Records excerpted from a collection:
§ §

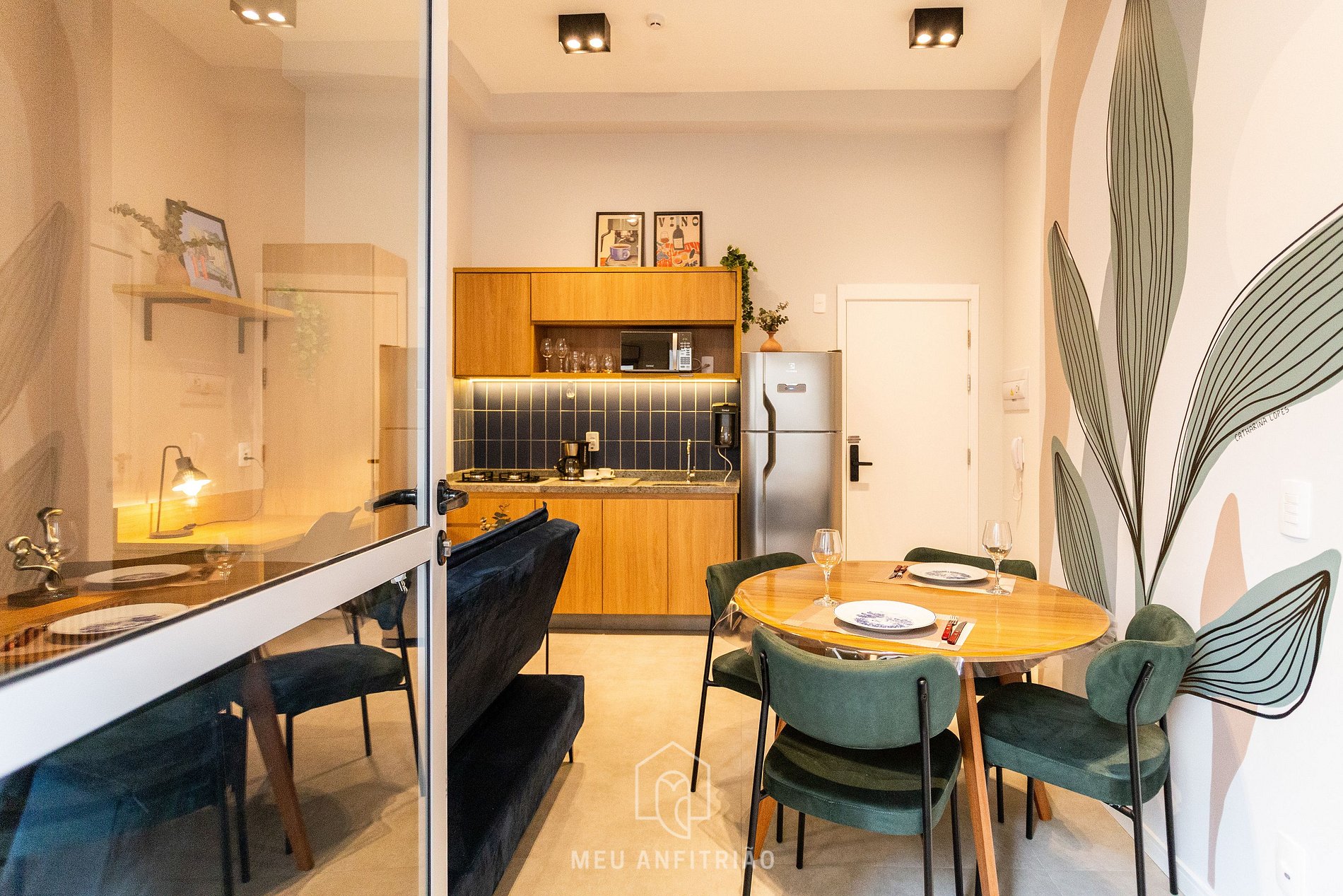 - Cozinha com os utensílios necessários para uma estadia prática, como geladeira, fogão cooktop, micro-ondas, cafeteira e chaleira elétricas, filtro d’água, air fryer, sanduicheira, liquidificador entre outros.
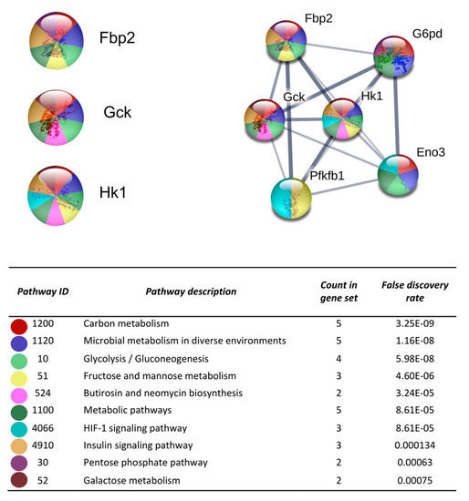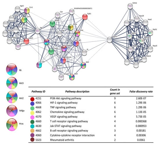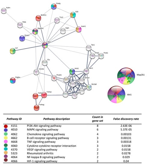 After the analysis on DAVID, the list of the 719 DEGs was analyzed on the STRING and Cytoscape-MCODE platforms. The first three clusters obtained are shown in Figure 3, Figure 4 and Figure 5. The genes from the first three clusters were loaded in STRING to identify the associated KEGG signaling pathways; those relevant in RA were selected and marked with different colors. The pathways considered as relevant included the HIF-1 signaling pathway. The analysis of the protein networks unveiled relevant genes dysregulated by PE. Those presented multiple functional connections included up-regulated genes such as serine-threonine protein kinases Akt1, Akt2, and Akt3; the vascular endothelial growth factor A (Vefga), the mitogen-activated protein kinase kinase 1 (Mapk1), phosphatidylinositol 4,5-bisphosphate 3-kinase catalytic subunit beta isoform (Pik3cb), glucokinase (Gck), fructose-biphosphatase2 (Fbp2); and also down-regulated genes such as interleukin 6 (Il6).
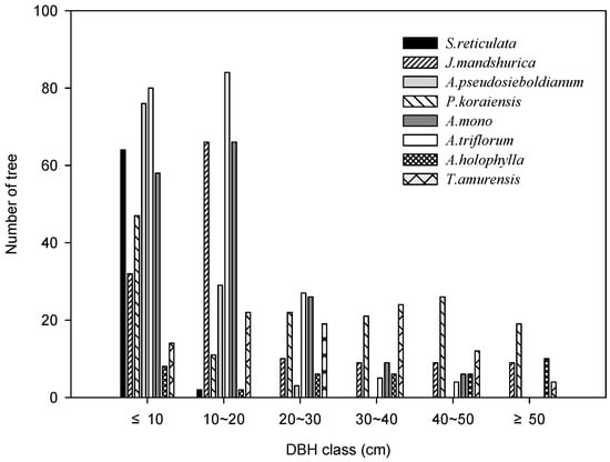 We documented 1351 free-standing living individuals of 22 species belonging to 12 families and 14 genera. The stand was an old-growth forest with a reversed J-shaped distribution of tree diameters when pooled for all species. Of the individuals, 70.61% were in the 1–20 cm DBH class (Figure 3). As S. reticulata is a shrub, the majority of individuals of this species have a diameter at breast height (DBH) of less than 10 cm. P. koraiensis was present in all DBH classes, with more juveniles (DBH ≤ 10 cm) and adult trees than trees with DBH ≥ 40 cm. T. amurensis had an L-shaped distribution of diameters and relatively more adult trees. Six of the eight species had a similar L-shaped distribution with a high concentration of younger trees, indicating that the forest was regenerating.
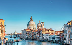 Today, journey through the Emilia-Romagna region, known for its rich culinary heritage. Stop to enjoy a delicious lunch with wine while learning about the local food culture and regional flavours. Then continue east along the autostrada to Venice, the Queen of the Adriatic. Your luxurious hotel features classic Venetian touches and offers stunning views over this romantic city.
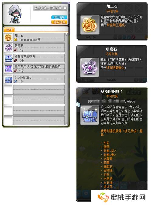 通过凉风村的NPC贤流院学士处可以使用副本货币商店,选择需要的道具进行兑换。
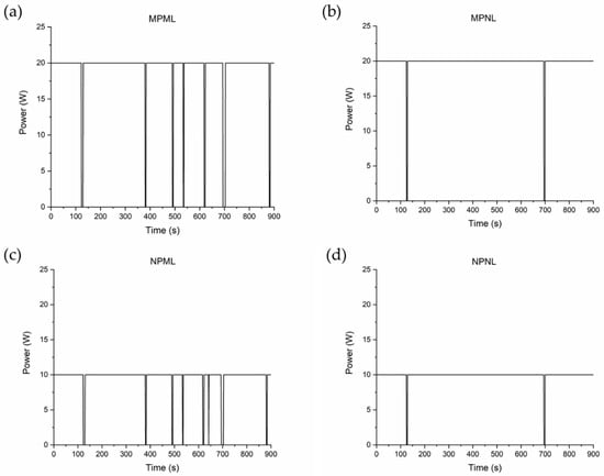 Individual PEMFC power cycles of different operating powers. (a) MPML; (b) MPNL; (c) NPML; (d) NPNL.
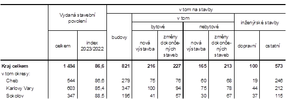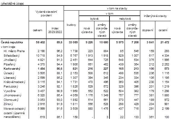 Stavební úřady v Karlovarském kraji vydaly v 1. až 3. čtvrtletí 2023 celkem 1 494 stavebních povolení, což je o 13,4 % méně než v předchozím roce. Na republikovém celku vydaných staveních povolení se náš kraj podílel 2,6 %. Nejvíce stavebních povolení připadalo na inženýrské stavby (45,0 %) a na bytové budovy (29,7 %).
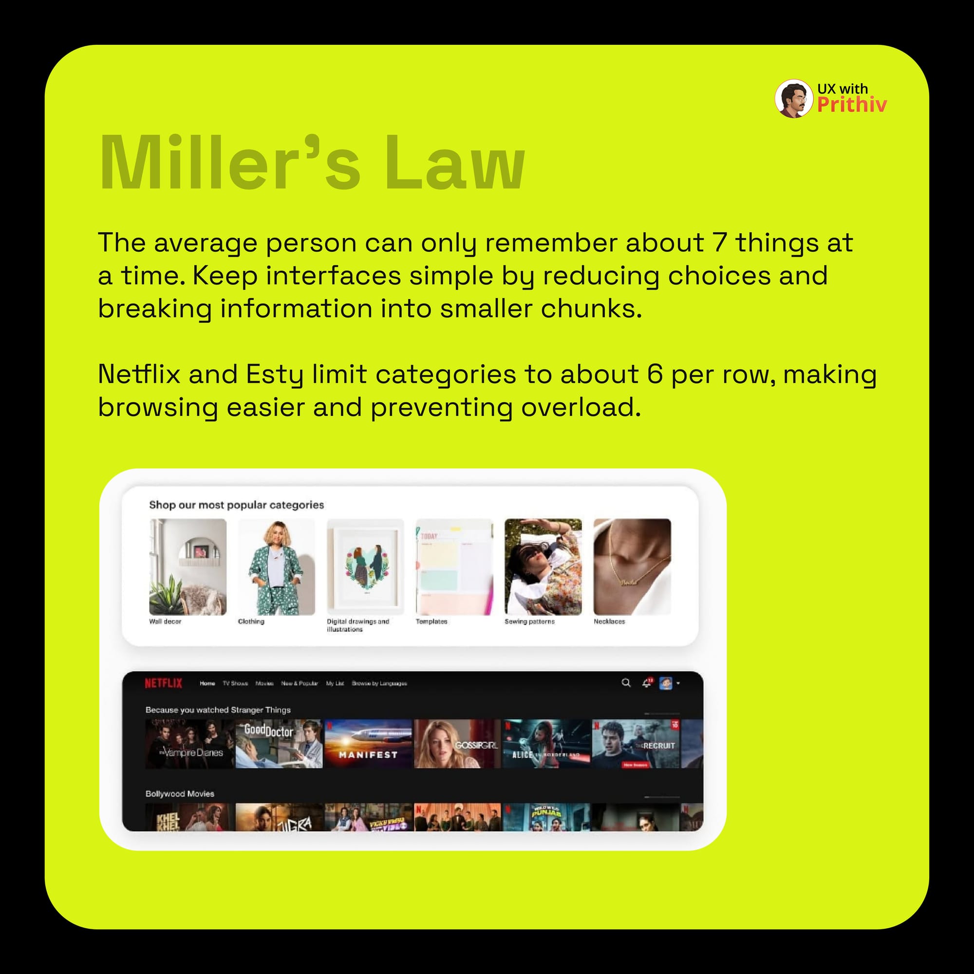 - In Practice: Streaming services like Netflix and e-commerce sites like Etsy limit categories to about six per row to prevent information overload, making browsing easier.
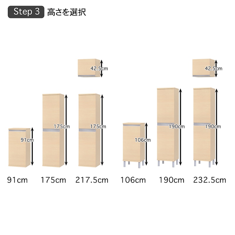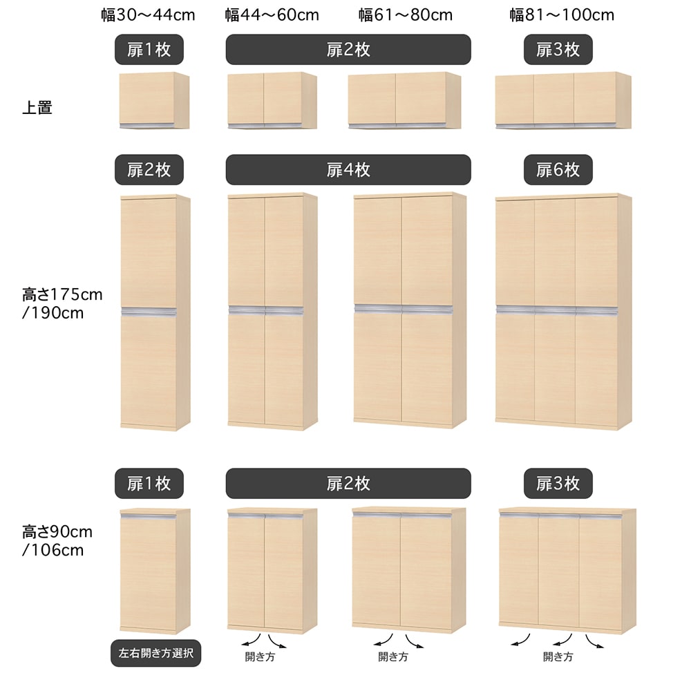 ●本体高さは90cm~上置き付き217.5cmまで、脚なし、脚付きから選べます
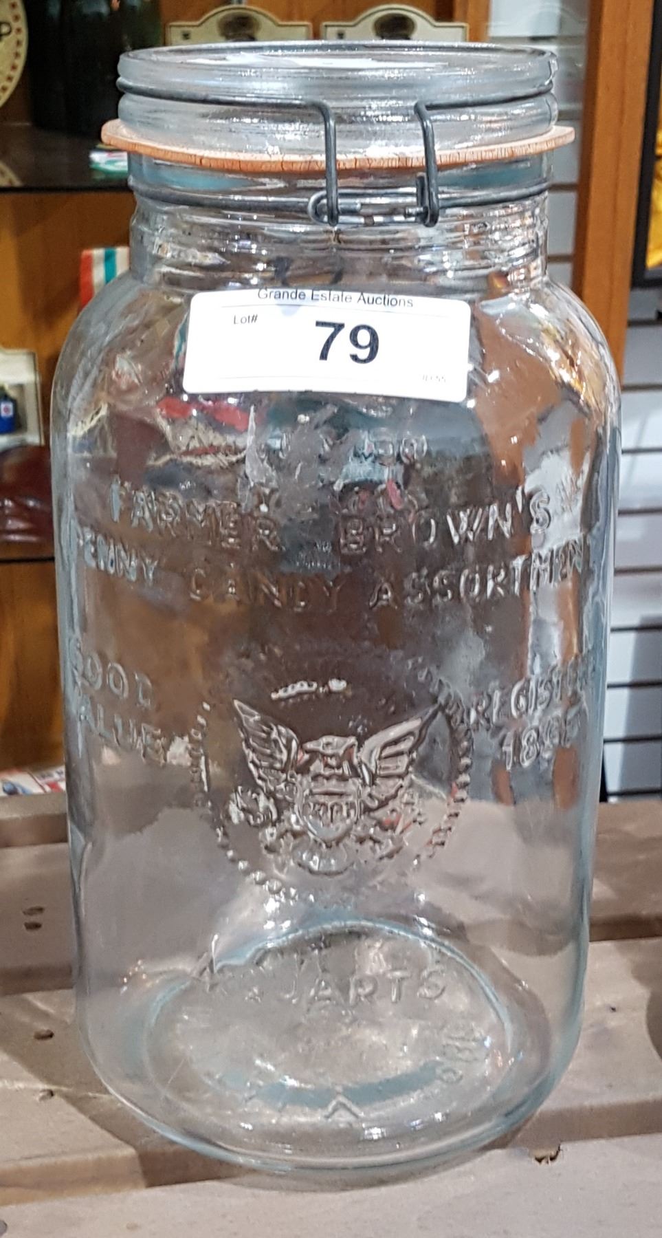 VINTAGE FARMER BROWN'S PENNY CANDY ASSORTMENT GENERAL STORE JAR
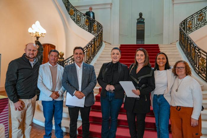 A presidente da Famurs e prefeita de Nonoai, Adriane Perin de Oliveira, participou nesta quinta-feira (07/08) do lançamento do programa “O Sul Tchê Espera”, promovido pelo governo do Estado por meio da Secretaria de Turismo (Setur). Realizado no Palácio Piratini, o evento reuniu autoridades, lideranças e representantes de diversos setores com o objetivo de fortalecer o turismo como motor de desenvolvimento regional.

§ §

[EXERCISE BRIEF] An exact repeat of all the data is required, pictures excluded.

[RESPONSE AREA]
 - Cozinha com os utensílios necessários para uma estadia prática, como geladeira, fogão cooktop, micro-ondas, cafeteira e chaleira elétricas, filtro d’água, air fryer, sanduicheira, liquidificador entre outros.
 After the analysis on DAVID, the list of the 719 DEGs was analyzed on the STRING and Cytoscape-MCODE platforms. The first three clusters obtained are shown in Figure 3, Figure 4 and Figure 5. The genes from the first three clusters were loaded in STRING to identify the associated KEGG signaling pathways; those relevant in RA were selected and marked with different colors. The pathways considered as relevant included the HIF-1 signaling pathway. The analysis of the protein networks unveiled relevant genes dysregulated by PE. Those presented multiple functional connections included up-regulated genes such as serine-threonine protein kinases Akt1, Akt2, and Akt3; the vascular endothelial growth factor A (Vefga), the mitogen-activated protein kinase kinase 1 (Mapk1), phosphatidylinositol 4,5-bisphosphate 3-kinase catalytic subunit beta isoform (Pik3cb), glucokinase (Gck), fructose-biphosphatase2 (Fbp2); and also down-regulated genes such as interleukin 6 (Il6).
 We documented 1351 free-standing living individuals of 22 species belonging to 12 families and 14 genera. The stand was an old-growth forest with a reversed J-shaped distribution of tree diameters when pooled for all species. Of the individuals, 70.61% were in the 1–20 cm DBH class (Figure 3). As S. reticulata is a shrub, the majority of individuals of this species have a diameter at breast height (DBH) of less than 10 cm. P. koraiensis was present in all DBH classes, with more juveniles (DBH ≤ 10 cm) and adult trees than trees with DBH ≥ 40 cm. T. amurensis had an L-shaped distribution of diameters and relatively more adult trees. Six of the eight species had a similar L-shaped distribution with a high concentration of younger trees, indicating that the forest was regenerating.
 Today, journey through the Emilia-Romagna region, known for its rich culinary heritage. Stop to enjoy a delicious lunch with wine while learning about the local food culture and regional flavours. Then continue east along the autostrada to Venice, the Queen of the Adriatic. Your luxurious hotel features classic Venetian touches and offers stunning views over this romantic city.
 通过凉风村的NPC贤流院学士处可以使用副本货币商店,选择需要的道具进行兑换。
 Individual PEMFC power cycles of different operating powers. (a) MPML; (b) MPNL; (c) NPML; (d) NPNL.
 Stavební úřady v Karlovarském kraji vydaly v 1. až 3. čtvrtletí 2023 celkem 1 494 stavebních povolení, což je o 13,4 % méně než v předchozím roce. Na republikovém celku vydaných staveních povolení se náš kraj podílel 2,6 %. Nejvíce stavebních povolení připadalo na inženýrské stavby (45,0 %) a na bytové budovy (29,7 %).
 - In Practice: Streaming services like Netflix and e-commerce sites like Etsy limit categories to about six per row to prevent information overload, making browsing easier.
 ●本体高さは90cm~上置き付き217.5cmまで、脚なし、脚付きから選べます
 VINTAGE FARMER BROWN'S PENNY CANDY ASSORTMENT GENERAL STORE JAR
 A presidente da Famurs e prefeita de Nonoai, Adriane Perin de Oliveira, participou nesta quinta-feira (07/08) do lançamento do programa “O Sul Tchê Espera”, promovido pelo governo do Estado por meio da Secretaria de Turismo (Setur). Realizado no Palácio Piratini, o evento reuniu autoridades, lideranças e representantes de diversos setores com o objetivo de fortalecer o turismo como motor de desenvolvimento regional.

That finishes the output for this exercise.